Wednesday, February 14, 2007

Is Radio Still Radio If There's Video?

(From The New York Times -- By Richard Siklos)

The nation's commercial radio stations have seen the future, and it is in, of all things, video.

As a result, the stereotype of a silken-voiced jockey, slumped and disheveled in the studio chair, may never be the same.

Across the country, radio stations are putting up video fare on their Web sites, ranging from a simple camera in the broadcast booth to exclusive coverage of events like the Super Bowl to music videos, news clips and Web-only musical performances.

"This is no longer the age of 'having a face for radio,'" said DIANNA JASON, the senior director of marketing and promotions at POWER 106, a Los Angeles hip-hop radio station.

"This is a visual medium now."

Is Radio Still Radio If There's Video?

2 comments:

Anonymous said...

As usual, commercial radio is about 2-3 years behind. They still don't get it. Take a look at the sites of any of our local Hartford stations sites (except WCCC - they know their audience and post pictures of babes), then compare to KCRW, a non-profit station in California, and you'll see the difference.

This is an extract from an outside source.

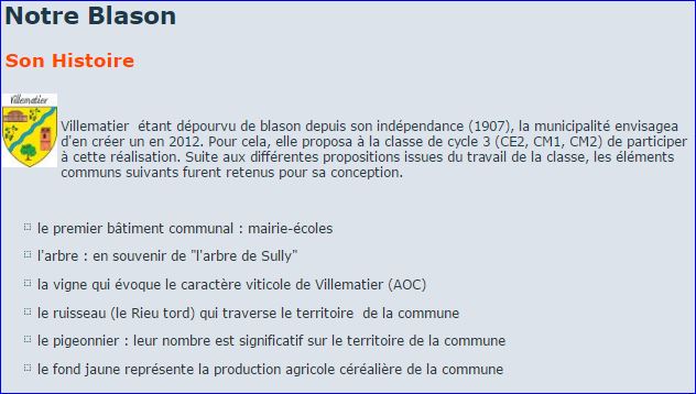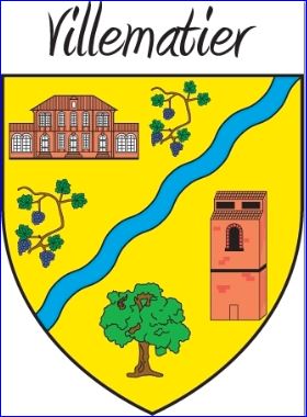 (2012) D'or à la cotice ondée en barre d'azur, accompagnée, en chef, de deux pampres de vigne au naturel rangés en barre et, à l'angle dextre du chef, de la mairie-école du lieu de gueules, ouverte et ajourée d'argent et, en pointe, du pigeonnier du lieu de gueules, ajouré de sable et d'un ormeau au naturel, rangés en barre.

I designed the website for a Hartford station in 1997. We had concert listings, interviews with local guys like Jim Koplick, and the jocks could update their pages daily. A few years later, Clear Channel bought the station and turned the site into a template-based monstrosity with no local content. MTV and VH1 understood that web-exclusive content would pay off, as did most other TV networks (the guys at the weather channel who registered weather.com is a legend), but radio did nothing to progress the medium, and still don't. Now they're reacting to youtube and the trend toward video content on the web. In a few years, they might put up some of these crazy things called Podcasts.

Erik K. Paulsen said...

I concur Carl.
WAAF in Boston about 10 years ago had a TV show called the week in rock that was basically a paid advertisement on a local UHF station. It had a lot of potential, but the GM at the station when I talked to him, didn't seem to back the whole idea and it eventually got canned even though people were watching it. I wonder what their web site looks like now?